__PROVIDED MATERIAL__
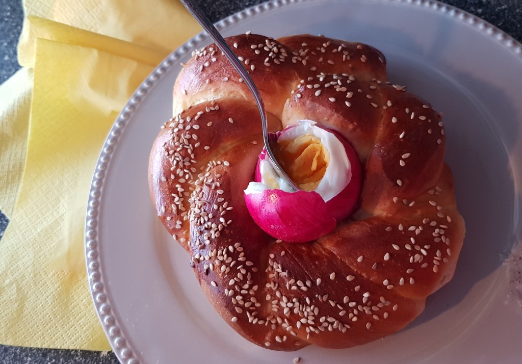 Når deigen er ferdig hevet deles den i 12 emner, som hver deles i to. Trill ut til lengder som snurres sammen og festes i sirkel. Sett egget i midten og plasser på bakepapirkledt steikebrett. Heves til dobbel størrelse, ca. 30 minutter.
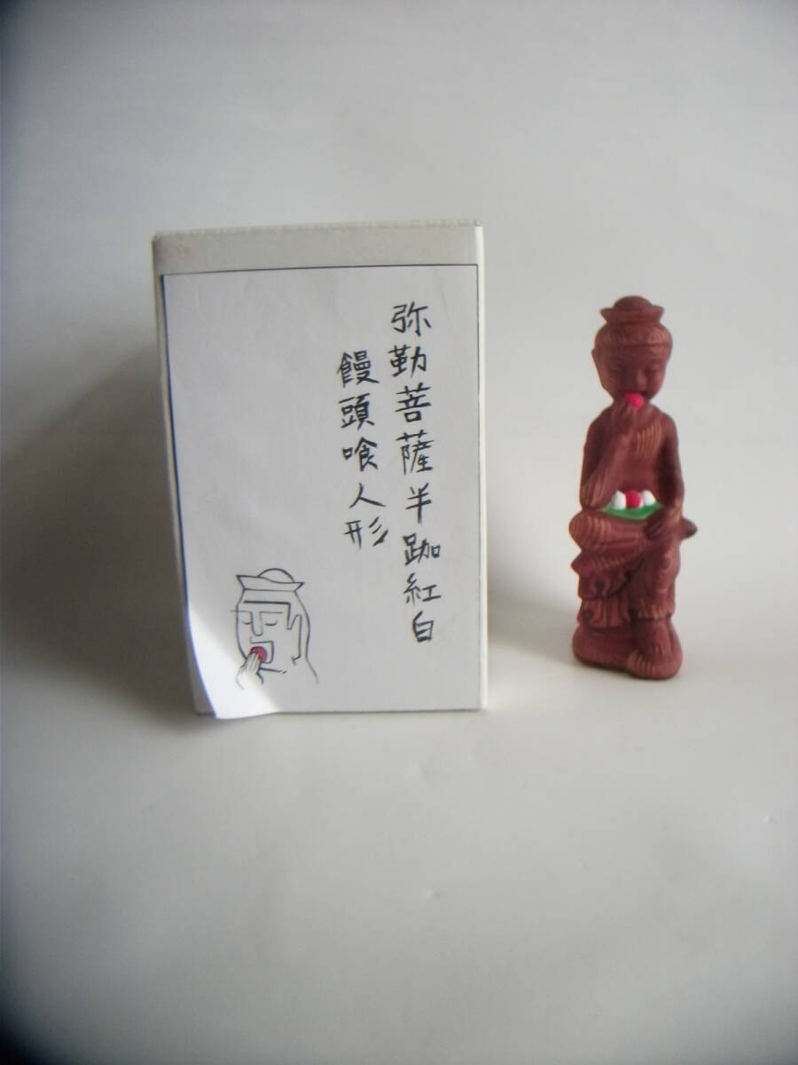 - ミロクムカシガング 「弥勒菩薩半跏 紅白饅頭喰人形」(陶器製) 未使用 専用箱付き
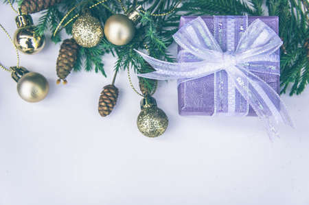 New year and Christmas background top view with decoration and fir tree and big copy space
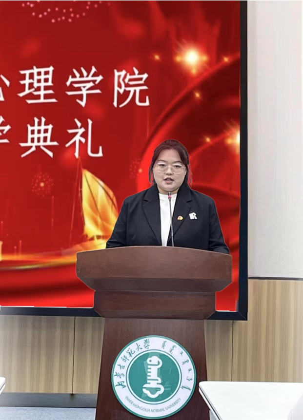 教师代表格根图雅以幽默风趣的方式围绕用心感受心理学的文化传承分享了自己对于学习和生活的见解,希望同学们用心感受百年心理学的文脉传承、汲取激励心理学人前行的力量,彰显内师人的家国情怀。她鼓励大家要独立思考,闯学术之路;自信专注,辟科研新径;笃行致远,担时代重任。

__TASK DETAILS__
Only the lines from the one containing "- ミロクムカシガング 「弥勒菩薩半跏 紅白饅頭喰人形」(陶器製) 未使用 専用箱付き" through the end of the data above are to be output, exactly and without pictures.

__SOLUTION FOR THIS PROBLEM__
 - ミロクムカシガング 「弥勒菩薩半跏 紅白饅頭喰人形」(陶器製) 未使用 専用箱付き
 New year and Christmas background top view with decoration and fir tree and big copy space
 教师代表格根图雅以幽默风趣的方式围绕用心感受心理学的文化传承分享了自己对于学习和生活的见解,希望同学们用心感受百年心理学的文脉传承、汲取激励心理学人前行的力量,彰显内师人的家国情怀。她鼓励大家要独立思考,闯学术之路;自信专注,辟科研新径;笃行致远,担时代重任。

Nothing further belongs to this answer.